To learn more about what’s ahead for the workforce, a multigenerational panel participated in a session, “Channel NX2Z Workforce of the Future Symposium,” at Channel Partners Evolution in Philadelphia Wednesday night, to discuss what boomers need to understand about hiring recent grads or young adults, while younger channel pros got career advice from experienced professionals.
Panelists included: Tiffani Bova, global customer growth and innovation evangelist at Salesforce; Jason Bystrak, vice president, worldwide channels and distribution at eFolder/Axcient; Zane Conkle, CEO at Cytracom; and Hilary Gadda, director, national channel development at TPx Communications.
Taking a step back, moderator James Anderson, co-founder, Chanel NX2Z, and news editor at Channel Partners, set the stage — 75 percent of the channel will be made up of millennials by 2024 and today, for the first time, there are five generations working side by side.
“We’re talking about hiring and retaining talent, not replacing a generation but rather working together,” he said.
However, 2024 is around the corner. Bova, for one, is excited about that and seeing what happens when millennials take ownership of channel companies.
“I think that being digital natives brings with it a completely different perspective,” she said. “So, what kind of company will they build in the future, and what their expectations are and what they want to deliver from an experience standpoint or more importantly, how they want to engage with the broader ecosystem.
Gadda addressed a question about barriers to entry and getting young talent into the channel.
The most obvious barrier? Doing what we’ve been doing for the last 20 years and expecting to continue doing things from an established business perspective. Time to change.

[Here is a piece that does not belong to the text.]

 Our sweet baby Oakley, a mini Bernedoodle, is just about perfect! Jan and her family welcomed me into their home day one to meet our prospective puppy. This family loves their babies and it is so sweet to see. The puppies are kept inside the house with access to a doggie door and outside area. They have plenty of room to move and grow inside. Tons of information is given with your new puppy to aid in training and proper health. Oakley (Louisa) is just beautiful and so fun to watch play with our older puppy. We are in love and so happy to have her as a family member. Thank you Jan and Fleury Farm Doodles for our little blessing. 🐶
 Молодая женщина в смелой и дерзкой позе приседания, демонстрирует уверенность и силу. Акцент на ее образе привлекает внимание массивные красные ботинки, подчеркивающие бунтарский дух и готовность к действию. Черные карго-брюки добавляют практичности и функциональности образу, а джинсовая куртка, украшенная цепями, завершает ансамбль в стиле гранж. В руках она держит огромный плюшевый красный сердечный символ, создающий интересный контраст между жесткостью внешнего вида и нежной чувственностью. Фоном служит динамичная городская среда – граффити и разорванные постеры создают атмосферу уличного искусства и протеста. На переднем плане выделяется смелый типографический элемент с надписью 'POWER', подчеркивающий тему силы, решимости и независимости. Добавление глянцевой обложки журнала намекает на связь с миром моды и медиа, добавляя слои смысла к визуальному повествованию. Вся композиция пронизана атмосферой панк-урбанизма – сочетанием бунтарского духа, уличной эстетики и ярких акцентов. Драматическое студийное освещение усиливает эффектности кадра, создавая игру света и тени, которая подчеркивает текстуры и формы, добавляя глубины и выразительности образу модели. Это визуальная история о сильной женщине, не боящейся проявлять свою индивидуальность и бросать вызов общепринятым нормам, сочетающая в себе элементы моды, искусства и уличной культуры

“We really have to take time and effort to humanize what we do a bit more because that’s what’s important to millennials,” she said, adding that inclusivity is also key to making them feel like they’re part of the channel community.
Bystrak agreed and talked about rethinking management style, often done in silos. He suggested allowing millennials to figure out structure, which might be something other than functional silos.

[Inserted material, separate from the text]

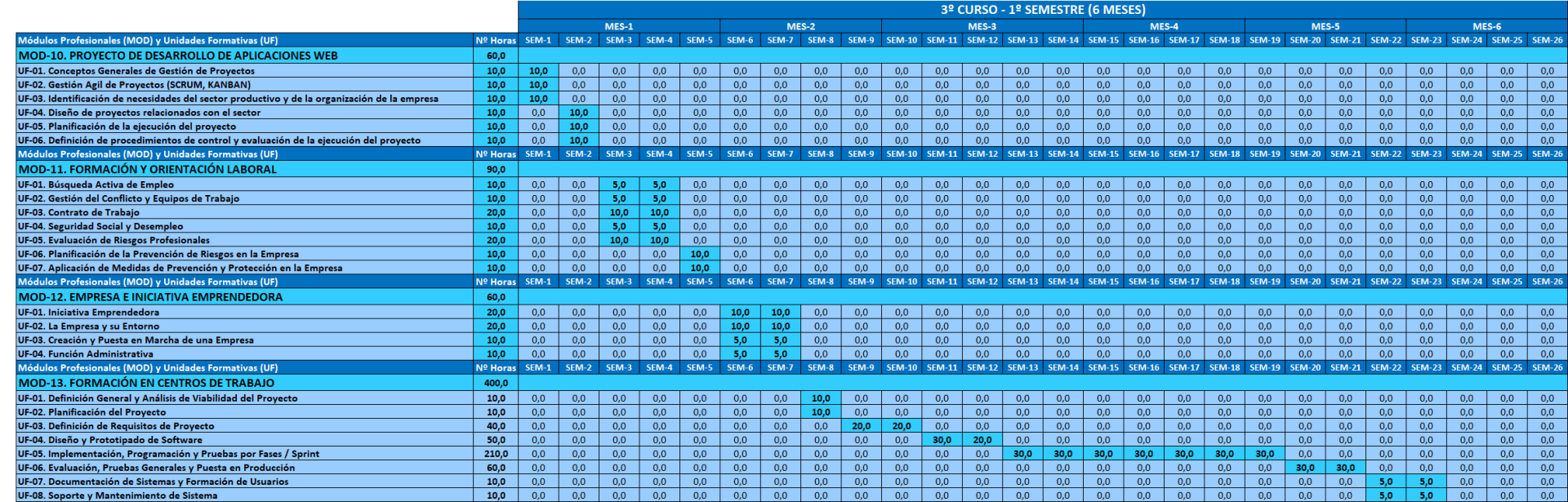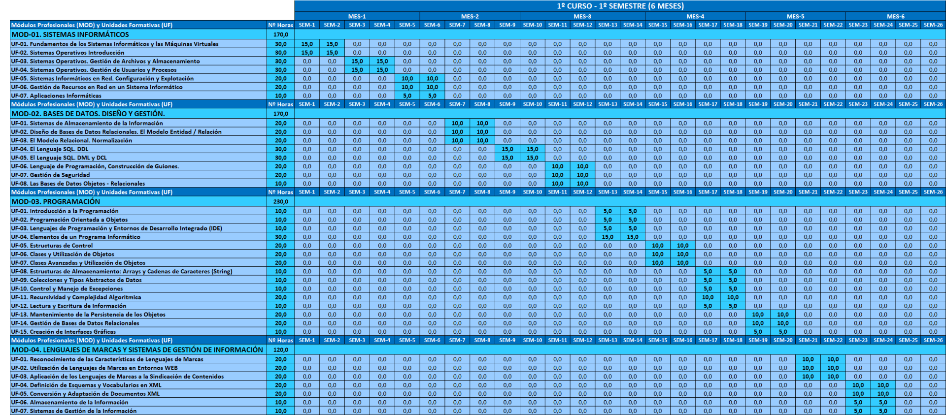 - 1ª Año del Ciclo Formativo (1º Semestre = 26 semanas):

“Let them bring technology to table, and we need to figure how to support them and not the other way around.”
Having a voice at the table is important to many millennials — as is looking for a culture of community.
Zane talked about the “4 L’s” – live, love, learn and leave a legacy.
“If those 4 L’s aren’t satisfied, especially for the millennial generation, they won’t be satisfied,” he said. “Millennials want to feel like they’re filling a bigger purpose.”
Fast forward … Anderson reached out to the panelists for advice for young professionals.
The first piece of advice — slow down. Putting that in the context of career development, Bystrak shared his experience with hiring: “Three months into the job, they haven’t hit their sales quota yet and they’re asking, ‘Where’s my promotion?'”
He suggested that young workers live in the moment, gain experience and learn their role.
“So, as you move up the ladder, you’re able to handle problems that come with next level of maturity.”
Zane agreed that it’s important for young workers to gain experience and broaden their knowledge base. He suggests asking peers what they’re working on, even if it’s not related to your role — it could help you understand the organization at a broader level. To gain a better understanding of the channel, get out and talk to partners.
Other advice: When looking at a company to join, make sure that you’re doing it for the right reason and not for the logo.
“Make sure that they have what you want. That they have a training program, that they have a clear, concise road map for getting to the next level, and that they have hands-on training opportunities,” said Gadda.
Finally, Bova says to trust the process and become a student of whichever profession you choose.